3.02.2009

Case Law Update: 2 Mar 2009

  • In re J.Y., JR., No. B209559 (SB Co. case #J1251574) - Father's delay in asserting paternity means no error in court's failure to identify him as a presumed father.
    A dependency petition was filed in November, 2006 for nine-year old J. and his two half-siblings, alleging failure to protect based on mother's drug use and father's extensive criminal history. Father attended the detention hearing, stated that he was an alleged father, and requested a paternity test. Despite several attempts by the Department, Father did not participate in paternity testing until April of 2008, and did not attend any further hearings. On July 10, 2008, a combined 366.26 and 288 hearing were held on the father's 388 petition to receive reunification services as J.'s presumed father. The juvenile court denied the 388 petition without a hearing and terminated parental rights with respect to both parents. Father appealed, alleging, inter alia, that the juvenile court erred in not identifying him as J.'s presumed father and in not providing reunification services, and that it was an abuse of discretion for the juvenile court to deny his 388 petition without a hearing. The appellate court ruled that since Father did not inform the court that he was married to Mother at the time of J.'s conception and birth, and since he delayed paternity testing for 17 months following the commencement of dependency proceedings, the juvenile court did not err in not identifying him as J.'s presumed father or in its decision not to provide reunification services. Further, the appellate court determined that J.'s need for stability outweighs Father's last-minute request for presumed father status and reunification services, and that Father did not make a prima facie showing that providing such status and services would be in J.'s best interests. (The appellate court also denied Father's claims that there was insufficient evidence showing J. is adoptable, and ruled that the Department had properly fulfilled its notice and inquiry duties under ICWA). The juvenile court's orders were affirmed in all respects.

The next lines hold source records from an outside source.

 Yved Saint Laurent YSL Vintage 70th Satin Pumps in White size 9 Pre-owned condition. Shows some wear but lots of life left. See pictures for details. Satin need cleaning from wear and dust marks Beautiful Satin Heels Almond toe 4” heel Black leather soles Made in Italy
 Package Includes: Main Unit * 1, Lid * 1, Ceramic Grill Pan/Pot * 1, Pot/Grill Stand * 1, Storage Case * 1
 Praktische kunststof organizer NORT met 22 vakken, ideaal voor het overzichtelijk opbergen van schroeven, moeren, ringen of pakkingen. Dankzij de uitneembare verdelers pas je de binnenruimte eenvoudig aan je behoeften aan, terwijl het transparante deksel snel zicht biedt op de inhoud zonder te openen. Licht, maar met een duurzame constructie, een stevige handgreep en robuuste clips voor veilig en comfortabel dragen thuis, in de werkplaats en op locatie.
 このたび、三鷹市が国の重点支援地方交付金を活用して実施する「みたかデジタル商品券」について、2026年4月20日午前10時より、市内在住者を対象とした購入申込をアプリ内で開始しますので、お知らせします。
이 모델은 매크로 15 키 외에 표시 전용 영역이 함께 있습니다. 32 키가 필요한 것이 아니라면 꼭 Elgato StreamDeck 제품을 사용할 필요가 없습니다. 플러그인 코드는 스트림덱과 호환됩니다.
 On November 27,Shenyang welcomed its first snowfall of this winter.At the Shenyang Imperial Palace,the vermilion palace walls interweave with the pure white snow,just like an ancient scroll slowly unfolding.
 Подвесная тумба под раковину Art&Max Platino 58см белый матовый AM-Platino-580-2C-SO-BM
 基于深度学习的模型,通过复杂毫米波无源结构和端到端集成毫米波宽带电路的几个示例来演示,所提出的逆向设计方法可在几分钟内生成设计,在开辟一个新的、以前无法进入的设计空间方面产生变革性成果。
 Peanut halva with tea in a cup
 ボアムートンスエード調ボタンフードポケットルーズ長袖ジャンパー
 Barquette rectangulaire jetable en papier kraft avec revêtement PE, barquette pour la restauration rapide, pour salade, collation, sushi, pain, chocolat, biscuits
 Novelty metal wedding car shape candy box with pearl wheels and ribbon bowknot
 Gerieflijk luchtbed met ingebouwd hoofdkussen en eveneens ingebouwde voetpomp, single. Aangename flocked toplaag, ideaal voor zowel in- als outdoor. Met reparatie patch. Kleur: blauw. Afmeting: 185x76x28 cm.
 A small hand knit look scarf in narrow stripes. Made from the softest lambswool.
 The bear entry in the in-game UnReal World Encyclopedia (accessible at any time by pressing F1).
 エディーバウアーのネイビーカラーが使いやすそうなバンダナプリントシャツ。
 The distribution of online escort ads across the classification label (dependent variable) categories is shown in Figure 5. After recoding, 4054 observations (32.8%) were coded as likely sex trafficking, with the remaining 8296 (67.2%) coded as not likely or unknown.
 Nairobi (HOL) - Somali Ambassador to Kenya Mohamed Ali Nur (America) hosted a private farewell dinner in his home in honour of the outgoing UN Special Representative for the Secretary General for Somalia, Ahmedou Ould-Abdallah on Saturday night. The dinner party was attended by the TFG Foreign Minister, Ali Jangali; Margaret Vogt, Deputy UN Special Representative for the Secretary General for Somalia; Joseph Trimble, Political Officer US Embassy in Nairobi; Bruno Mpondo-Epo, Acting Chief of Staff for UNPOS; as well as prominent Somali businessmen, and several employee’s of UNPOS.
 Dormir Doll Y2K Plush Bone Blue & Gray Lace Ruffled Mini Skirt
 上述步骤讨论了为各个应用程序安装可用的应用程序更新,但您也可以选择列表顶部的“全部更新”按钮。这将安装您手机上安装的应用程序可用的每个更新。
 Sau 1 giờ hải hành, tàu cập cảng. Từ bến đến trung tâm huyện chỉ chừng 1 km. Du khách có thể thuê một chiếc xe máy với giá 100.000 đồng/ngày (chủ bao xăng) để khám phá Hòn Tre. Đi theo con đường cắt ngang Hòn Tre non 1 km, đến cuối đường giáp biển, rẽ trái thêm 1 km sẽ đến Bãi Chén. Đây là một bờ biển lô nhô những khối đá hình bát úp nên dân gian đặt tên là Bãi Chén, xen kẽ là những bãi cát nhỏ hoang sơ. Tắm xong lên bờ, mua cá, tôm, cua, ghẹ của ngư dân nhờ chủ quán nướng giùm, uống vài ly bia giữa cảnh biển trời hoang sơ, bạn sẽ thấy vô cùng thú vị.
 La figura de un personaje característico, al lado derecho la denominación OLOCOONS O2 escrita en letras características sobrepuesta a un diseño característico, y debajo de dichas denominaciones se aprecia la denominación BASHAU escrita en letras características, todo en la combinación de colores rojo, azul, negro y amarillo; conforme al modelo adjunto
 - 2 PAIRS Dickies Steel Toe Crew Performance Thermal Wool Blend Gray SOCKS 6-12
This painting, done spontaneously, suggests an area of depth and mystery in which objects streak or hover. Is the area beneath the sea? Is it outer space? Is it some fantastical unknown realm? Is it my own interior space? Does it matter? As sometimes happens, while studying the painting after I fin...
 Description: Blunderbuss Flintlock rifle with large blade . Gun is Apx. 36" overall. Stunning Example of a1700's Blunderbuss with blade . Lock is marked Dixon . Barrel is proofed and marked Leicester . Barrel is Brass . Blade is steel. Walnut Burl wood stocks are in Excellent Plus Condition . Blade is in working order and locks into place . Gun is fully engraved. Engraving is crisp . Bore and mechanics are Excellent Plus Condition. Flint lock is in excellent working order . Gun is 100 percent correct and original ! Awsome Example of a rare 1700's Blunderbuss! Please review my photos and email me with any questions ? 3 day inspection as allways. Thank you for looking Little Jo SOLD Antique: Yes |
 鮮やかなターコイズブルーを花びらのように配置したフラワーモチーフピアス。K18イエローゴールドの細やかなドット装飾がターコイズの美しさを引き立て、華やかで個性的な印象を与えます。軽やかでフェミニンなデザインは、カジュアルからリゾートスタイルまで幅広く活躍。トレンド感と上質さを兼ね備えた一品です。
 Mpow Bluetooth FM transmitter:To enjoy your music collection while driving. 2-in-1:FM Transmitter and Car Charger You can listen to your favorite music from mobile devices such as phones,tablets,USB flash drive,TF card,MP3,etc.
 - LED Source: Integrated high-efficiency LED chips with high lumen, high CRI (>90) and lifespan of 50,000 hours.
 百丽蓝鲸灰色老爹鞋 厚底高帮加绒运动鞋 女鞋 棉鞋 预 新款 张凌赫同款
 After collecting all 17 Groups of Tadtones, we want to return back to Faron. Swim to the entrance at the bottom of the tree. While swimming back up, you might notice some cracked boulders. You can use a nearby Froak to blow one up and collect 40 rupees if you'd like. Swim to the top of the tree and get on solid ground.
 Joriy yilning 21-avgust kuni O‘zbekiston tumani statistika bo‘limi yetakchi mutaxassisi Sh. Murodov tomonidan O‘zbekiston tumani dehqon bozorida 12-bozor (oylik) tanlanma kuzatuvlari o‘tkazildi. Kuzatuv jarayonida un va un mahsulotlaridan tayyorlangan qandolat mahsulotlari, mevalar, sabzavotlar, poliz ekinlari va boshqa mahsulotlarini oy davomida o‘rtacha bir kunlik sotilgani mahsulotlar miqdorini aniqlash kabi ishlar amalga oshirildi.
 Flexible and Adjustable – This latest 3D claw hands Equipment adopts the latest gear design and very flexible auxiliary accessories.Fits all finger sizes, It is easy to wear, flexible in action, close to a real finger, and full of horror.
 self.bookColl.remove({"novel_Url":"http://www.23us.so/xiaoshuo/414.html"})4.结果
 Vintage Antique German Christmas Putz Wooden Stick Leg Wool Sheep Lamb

  • In re C.R., No. F056343. - Challenge to applicability of ICWA forfeited when not raised at the time of the 366.26 hearing.
    Voluntary family services for substance abuse were provided to C.R.'s parents following her birth. Shortly thereafter, C.R. was hospitalized with a severe respiratory virus. This hospitalization led to C.R.'s detention, at which time paternity and ICWA inquiries were made of both parents. Shortly thereafter, the parents became homeless and their whereabouts became unknown. Mother claimed Indian heritage at the detention hearing, the only one she attended, but inquiries along this line were negative. At the dispositional hearing, which was attended by attorneys for both parents, the court adopted the agency's recommended findings, including that ICWA did not apply. A 366.26 hearing was set, and parental rights were terminated. Subsequently, E.R. (Father) appealed the termination, arguing that the Social Services Agency had failed to make proper ICWA inquiries regarding him. The appellate court held that, when the adequacy of ICWA notification is not challenged in a timely fashion, the court's ICWA findings may not be challenged for the first time on appeal. In addition, the court held that, even if ICWA applied, the parents' previous loss of parental rights, their abandonment of C.R., and their disappearance for the vast majority of the proceedings would have compelled ICWA findings warranting removal, regarding active efforts, and supporting termination of rights. Accordingly, the lower court's orders were affirmed, and E.R.'s challenge was denied.